Если массовое отношение к происходящему было скорее равнодушным, пассивным, хотя и не совсем однозначным[2], то среди образованной, тем более фрондирующей своей оппозиционностью публики эти заявления были восприняты как «конституционный переворот». Само по себе такое определение происходящего свидетельствует о неадекватности российской либеральной публики, продолжающей жить в своем иллюзорном мире «демократического транзита». Напротив, тем, кто не разбирается в тонкостях юридических формулировок предложенных поправок, кто далек от излишней веры в «легизм» российского законодательства и совестливость суда, общий смысл этих изменений был вполне понятен. Можно сказать даже, что именно те, кто и не пытался уяснить себе, как сочетаются новые положения с основными принципами действующей Конституции, лучше и точнее воспринимают суть происходящего, чем образованная публика, растерявшаяся перед нагромождением конституционных новаций, юридически не согласованных ни между собой, ни с прежним корпусом Основного закона. Никто не скрывал смысла тех изменений в государственной системе, которые постепенно накапливались после того, как Путин был назначен преемником Ельцина. Бурная реакция образованного сообщества в интернете говорит лишь о том, что у этой публики (ценности которой разделяет и автор) иллюзии в отношении предопределенности демократического транзита власти и оптимистических сценариев развития страны полностью погасили способность к трезвому анализу социальных и исторических процессов[3]. Российская Конституция 1993 года, и так далекая от стандартов демократии, потеряла свой статус Основного закона прямого действия уже в самом начале 2000-х годов, поскольку начиная с этого времени более половины ее статей не работали. Политическая (партийная) конкуренция фактически закончилась после президентских выборов 1996 года. Ее заменили внутренние интриги, комбинации группировок в закрытых сферах высшей власти и пропаганда в сочетании с политтехнологическими манипуляциями и использованием административных ресурсов на выборах (проще говоря, шантаж и принуждение избирателей к нужному голосованию).

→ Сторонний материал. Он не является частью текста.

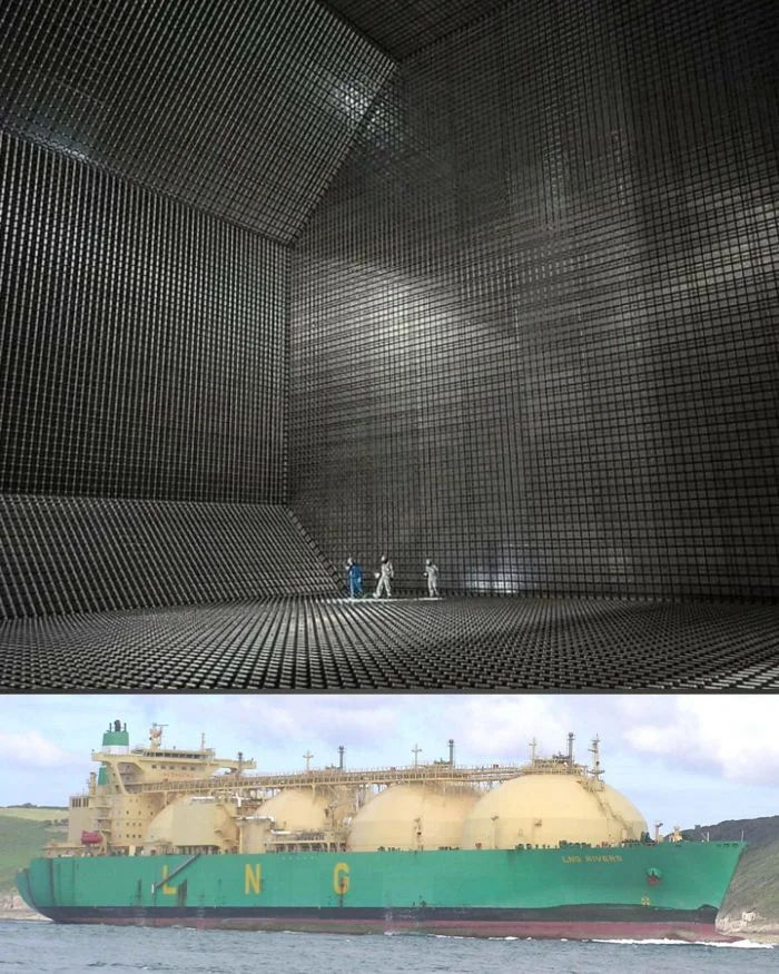 2. Члены экипажа стоят внутри грузового танка танкера СПГ
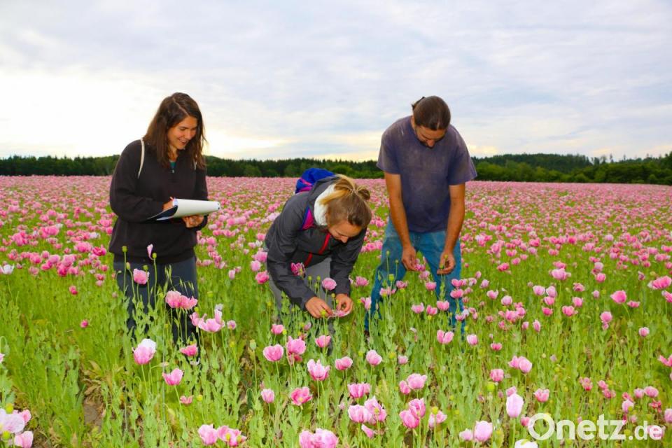 Im Rahmen eines Forschungsprojekts untersuchten nun Wissenschaftlerinnen das Insektenvorkommen auf den weithin leuchtenden Feldern. Mohn-Pionier und Bio-Bauer Josef Schmidt begleitete dazu die Studentinnen Rosa Albrecht und Mareen Geyer zu den prächtig blühenden Feldern und unterstützte sie bei ihren Arbeiten. „Das Artensterben hat einen Anteil daran, dass nach Alternativen gesucht wird“, weiß Josef Schmidt und verweist darauf, dass derzeit nur noch wenig in freier Natur blüht.
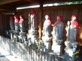 これまで16のお寺を廻ってきましたが、この菱渓山三光寺ではがっくり。山門をくぐると本堂の前にいっぱい座布団が干してあったのです。私たちは、座布団にお参りすることになるんですか? なるんです(-_-;)
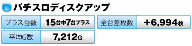 15台中7台がプラスで全台差枚数は+6,994枚。
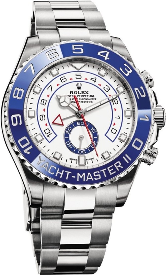 Часы Rolex Yacht-Master II 44 mm Steel 116680 с вращающимся керамическим безелем, позволяющим программировать обратный отсчет. Корпус мануфактурных часов выполнен из нержавеющей стали, с размерами 44 x 14 мм. Калибр 4161 с автоподзаводом, хронографом, сертификатом хронометра COSC. Индикация - текущее время в часах, минутах и секундах. Циферблат выполнен в сине-белых тонах. Браслет стальной, с раскладной пряжкой. Горпус имеет 100-метровую водостойкость. Не малую роль в герметичности играет лицевое защитное стекло, которое выполнено из сапфира. Запас хода механического калибра - 72 часа.
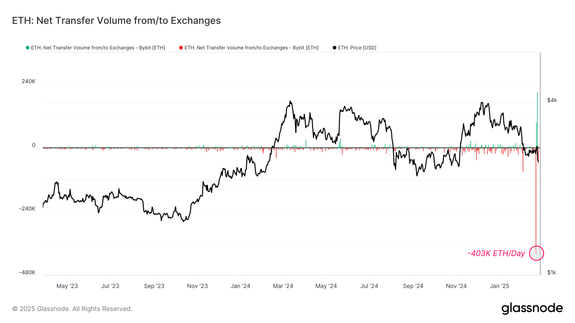 - Bybit suffered one of the largest hacks in crypto history, losing 403,996 ETH (~$1.13B) from its cold wallets due to a smart contract exploit. This breach led to panic withdrawals, with total exchange outflows reaching approximately $4.3B across Bitcoin and stablecoins.
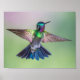 Impressão com um beija-flor-gema de montanha roxo em voo na Costa Rica, com suas impressionantes penas roxas, verdes e azuis em exposição — uma decoração única e bela para beija-flor e amantes da natureza. Foto tirada em Bosque de Paz Reserva Biologica, Valle del Rio Toro, Alajuela, Costa Rica.
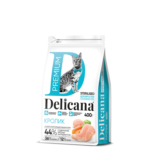 - Деликана/Delicana корм для кошек стерилизованных/кастрированных Кролик 1,5кг 1 273 р.
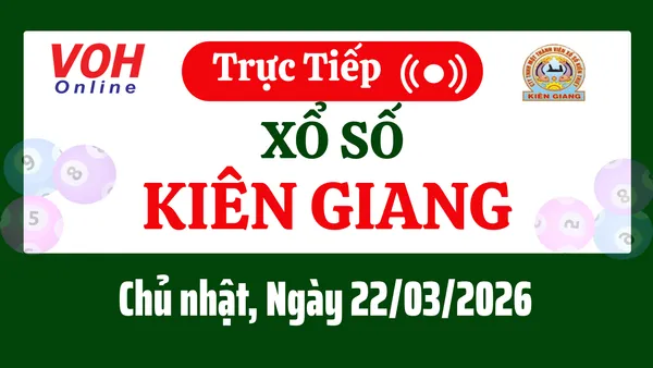 Xổ số Kiên Giang hôm nay 22/3/2026 được cập nhật trực tiếp lúc 16h10 từ trường quay.
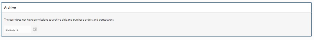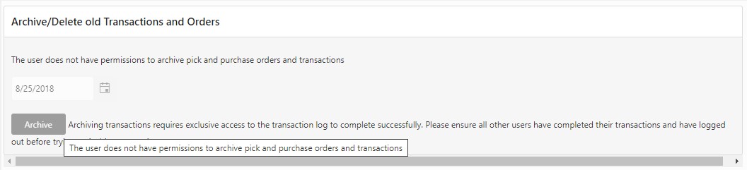 - If the user or role possesses the following permissions: "Archive Transactions" with both "Allow Access" and "Edit" privileges, as well as "Transaction History" with both "Allow Access" and "Delete" privileges, they will have the ability to archive pick orders, purchase orders, and transactions.
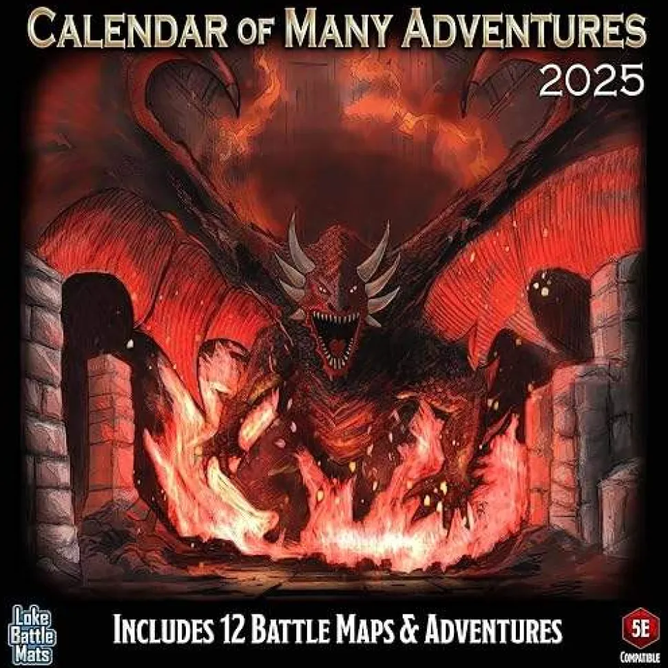A hanging wall calendar with a new battle map for every month and twelve 5E adventures (PDF) to play on them! Enjoy these beautiful maps as art on your wall, along with a handy one month per page 2025 calendar, and then use them on your table as battle maps! As well as inspiring your own encounters there are 12 5E adventures, one for each map, from the Ennie nominated authors at Loke Battle Mats. Measures 12”x12” when closed, 12”x24” when open and printed on glossy paper stock. When open the battle map art is on the top page with the month per page calendar below.

Путинские поправки в текст Конституции об обнулении сроков президентства, усилении зависимости судейского корпуса от президента, встраивании низовых органов (которые по Конституции не относятся к государственным структурам) в вертикаль власти и еще множество контрабандных идеологических вставок, предназначенных упразднить принцип недопустимости единой государственной идеологии, являются лишь завершением процесса, начатого в 2003–2004 годах. Делать вид, что этого нет или что «конституционный переворот» – полная неожиданность, недопустимо или недостойно.
То, что может (и должно) последовать за этим, ясно показывает практика борьбы с пандемией коронавируса, которая развернулась в марте 2020 года: отказ властей от политической ответственности «суверена» и государства в целом перед обществом, перекладывание на население издержек фактического введения чрезвычайного положения (одновременно с отказом в правовых нормах и гарантиях, действующих по закону о чрезвычайных ситуациях), демонстративное пренебрежение полномочиями других ветвей власти, цензура, тотальное полицейское всевластие, репрессии, страх, растерянность и покорность людей, лишившихся работы, а значит, средств к существованию и т. п.
Но вопрос о демократии в России, поставленный выше, остается. Чтобы ответить на него, надо (мне надо было) сначала освободиться от тех шор и стереотипов, которые предопределяют картину реальности российского образованного сообщества, его неискоренимую веру в прогресс, детерминизм модернизационных процессов и демократический транзит. Правильнее всего – в этом положении – было бы признать неискоренимость дурной человеческой природы или исходить из метафизики «банальности зла». Это позволило бы выйти из узких рамок российской злобы дня. Но это слишком радикальный для нашего состояния посыл. Такому кантовскому пессимизму сильнейшим образом противилось мое советское воспитание, 45 лет жизни при социализме, неистребимые надежды на выход страны из тоталитаризма. Утопические представления были основой групповой идентичности той научной или социальной среды, в которой я жил. Потребовались довольно значительные усилия для того, чтобы «взять в скобки» эти надежды, посмотреть на них как на иллюзии, как на ценности, идеологические и концептуальные представления, препятствующие ясному и трезвому видению реальности, произвести, как говорят феноменологи, операцию «эпох'e»[4].